> [DATA EXCERPT]
=-=-=-=-=

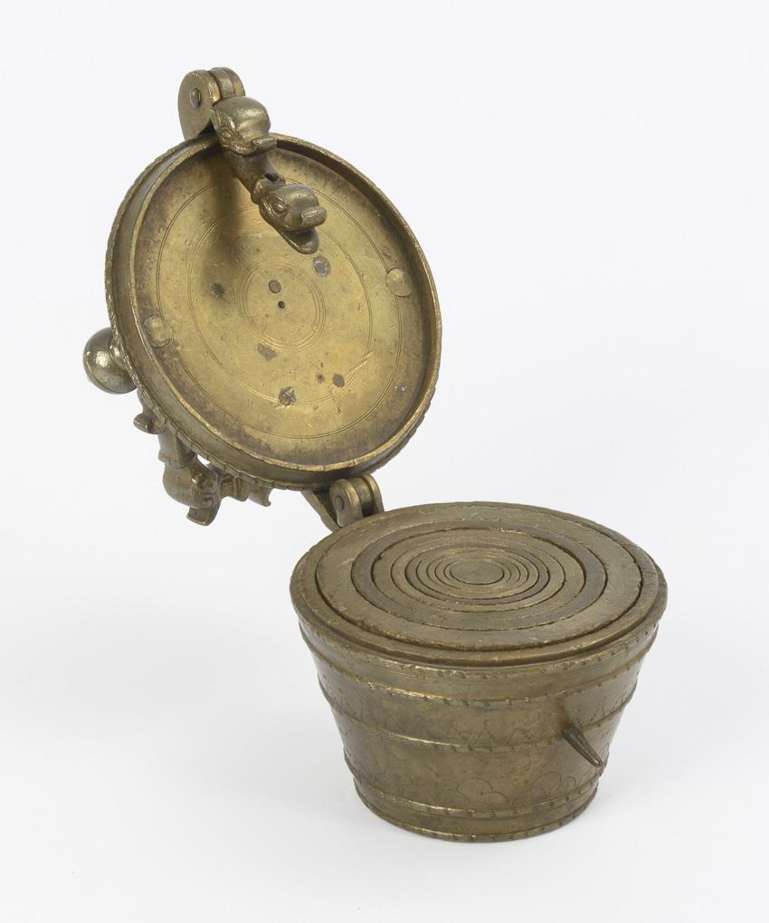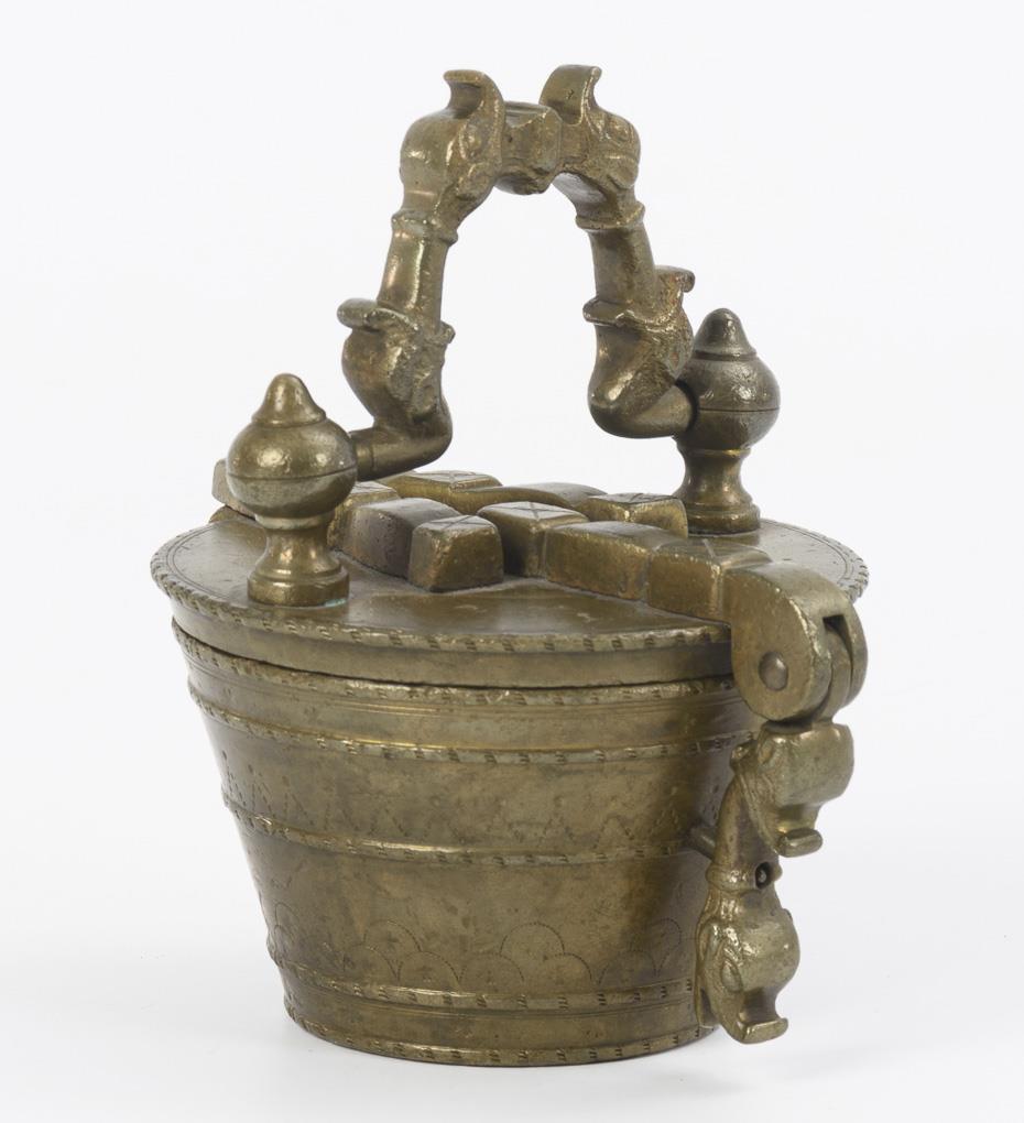 Bronze. H ohne Henkel 10 cm, Ø Haus 10 cm. 2,9 kg.
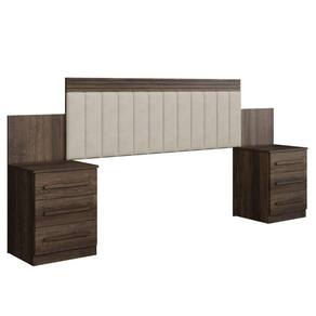Cabeceira Extensiva Estofada C/ 2 Mesas De Cabeceira Império Imbuia Cabeceira Imperio Estofada: Flexibilidade e Modernidade A Cabeceira Imperio Estofada e produzida em chapa de 15 mm, garantindo robustez e durabilidade. Ela inclui 2 mesas de cabeceira e 6 gavetas com corredicas telescopicas, oferecendo bastante espaco para armazenamento. Com montagem dupla, e compativel com colchoes de 140 cm e 160 cm, sem necessidade de parafusar na parede. O acabamento em tecido linho adiciona um toque de modernidade e flexibilidade ao seu ambiente.
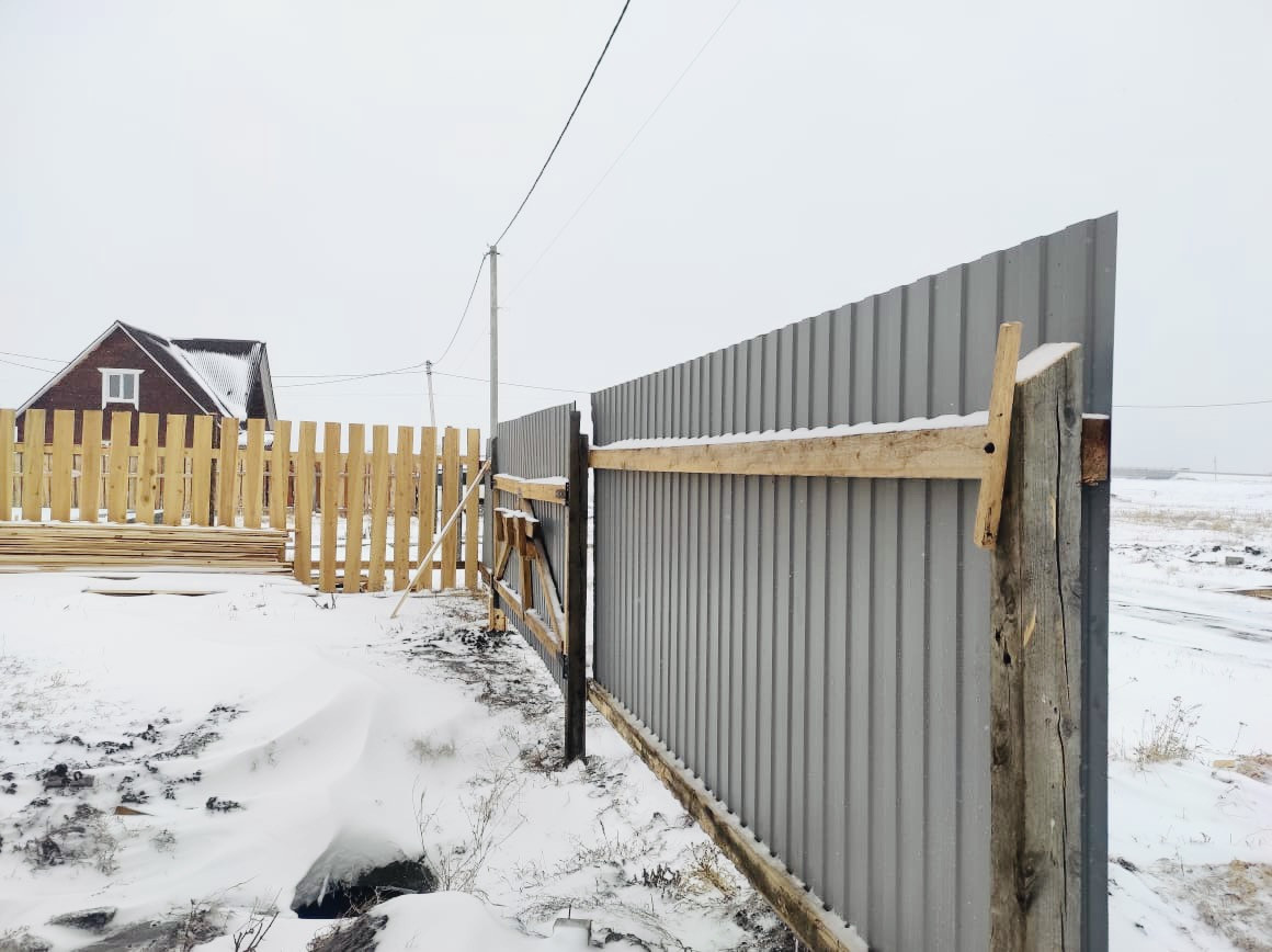 Участок 7 соток, огорожен со всех сторон, лицевая сторона из профлиста, ворота, калитка, подходы к тому зацементированы.
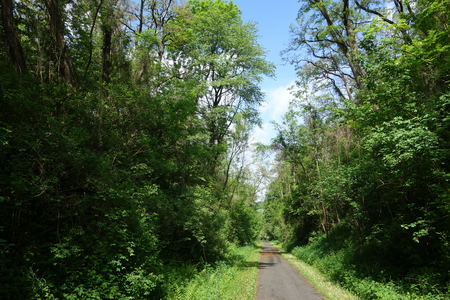 Im Frühjahr durchquert man hier ein wahres Blütenmeer. Dieser Streckenabschnitt benötigte 2016 dringend eine Ausbesserung der Fahrbahnschäden (s. Schild!)

=-=-=-=-=

> [EXERCISE DETAILS] Please copy the data above word for word, but only from the line that contains "Cabeceira Extensiva Estofada" through the final line, both included, and without the pictures.

> [WRITTEN REPLY]
Cabeceira Extensiva Estofada C/ 2 Mesas De Cabeceira Império Imbuia Cabeceira Imperio Estofada: Flexibilidade e Modernidade A Cabeceira Imperio Estofada e produzida em chapa de 15 mm, garantindo robustez e durabilidade. Ela inclui 2 mesas de cabeceira e 6 gavetas com corredicas telescopicas, oferecendo bastante espaco para armazenamento. Com montagem dupla, e compativel com colchoes de 140 cm e 160 cm, sem necessidade de parafusar na parede. O acabamento em tecido linho adiciona um toque de modernidade e flexibilidade ao seu ambiente.
 Участок 7 соток, огорожен со всех сторон, лицевая сторона из профлиста, ворота, калитка, подходы к тому зацементированы.
 Im Frühjahr durchquert man hier ein wahres Blütenmeer. Dieser Streckenabschnitt benötigte 2016 dringend eine Ausbesserung der Fahrbahnschäden (s. Schild!)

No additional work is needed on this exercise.